ISIS’ de facto capital in Raqqa, Syria, came under increased military pressure from U.S.-backed forces last weekend, with airstrikes destroying some of the extremist group’s military and oil infrastructure, and Syrian opposition forces capturing a northwestern neighborhood of the city.
The capture of Romaniah yesterday by the U.S.-backed, Kurdish-led Syrian Democratic Forces marks the second district to fall out of ISIS’ control after a wide offensive on Raqqa, among the first cities ISIS captured in 2014 and home to some of its most prominent leaders.
The Department of Defense reported June 11 that U.S. and coalition military forces conducted 27 strikes consisting of 35 engagements against ISIS targets Saturday, including 17 near Raqqa. The Raqqa strike hit 15 ISIS tactical units as well as two “ISIS headquarters” and several vehicles, the Pentagon said.

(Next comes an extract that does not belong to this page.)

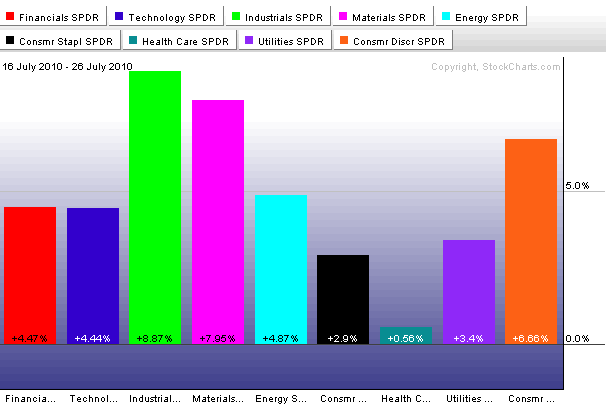 這是近七個交易日的類股個表現,漲最多的工業類股,上漲8.87%。其次是原物料類股上漲7.95%。第三是非必須消費類股上漲6.66%。由景氣循環股領漲。防禦性類股中的健康護理小漲0.56%,公用事業類股漲3.4%。
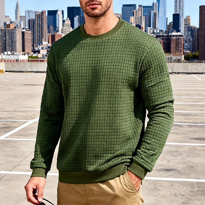 Men's Sweatshirt Waffle Sweatshirt Pullover Hoodie Sweatshirt Wine Red Black White Light Green Navy Blue Crew Neck Plain Textured Casual Daily Sports Outdoor Streetwear Cool Sportswear Spring

The bombardment came amid unconfirmed reports from Syrian state television that ISIS leader Abu Bakr al-Baghdadi was killed in an air strike Saturday. The ISIS leader has been reported killed previously, only to re-emerge. The Pentagon did not comment on al-Baghdadi’s status yesterday.
Bradley Schreiber, president of Homeland Security Solutions and a former senior adviser for the Department of Homeland Security, said al-Baghdadi’s death would be a “tremendous blow” to ISIS, even if a new leader is waiting in the wings.
“Most of the terrorist organizations, especially ISIS, have decentralized their command and controls, but the reality is that he was the central figure of that,” Schreiber said. “While there may be others who could potentially step in to take over day-to-day operations, to have that vision and to cultivate that fervor that is around the ideology of ISIS, it’s going to be a hard thing to replace right away.”
The State Department was offering a $25 million reward for information leading to al-Baghdadi’s capture. The department calls him the “senior leader” of ISIS, and upped its reward after ISIS seized control of portions of Syria and Iraq, declared the establishment of an Islamic caliphate, and named al-Baghdadi as caliph.
Kamran Bokhari, a senior fellow with the Center for Global Policy and analyst with Geopolitical Futures, said ISIS is poised to recover quickly if a leader is killed.
“Every one of their top leaders knows that they’re dead men walking, and therefore they have planned accordingly,” Bokhari said, adding that coalition forces are “going to have to kill a whole lot more leaders, and simultaneously, in order to have the desired effect.”
The State Department also said yesterday that two airstrikes near Abu Kamal in Syria destroyed three ISIS oil storage tanks, and eight strikes near Dayr Az Zawr destroyed 23 ISIS oil tanks, three ISIS separation tanks, two ISIS well heads, an ISIS-held building and an ISIS refinery.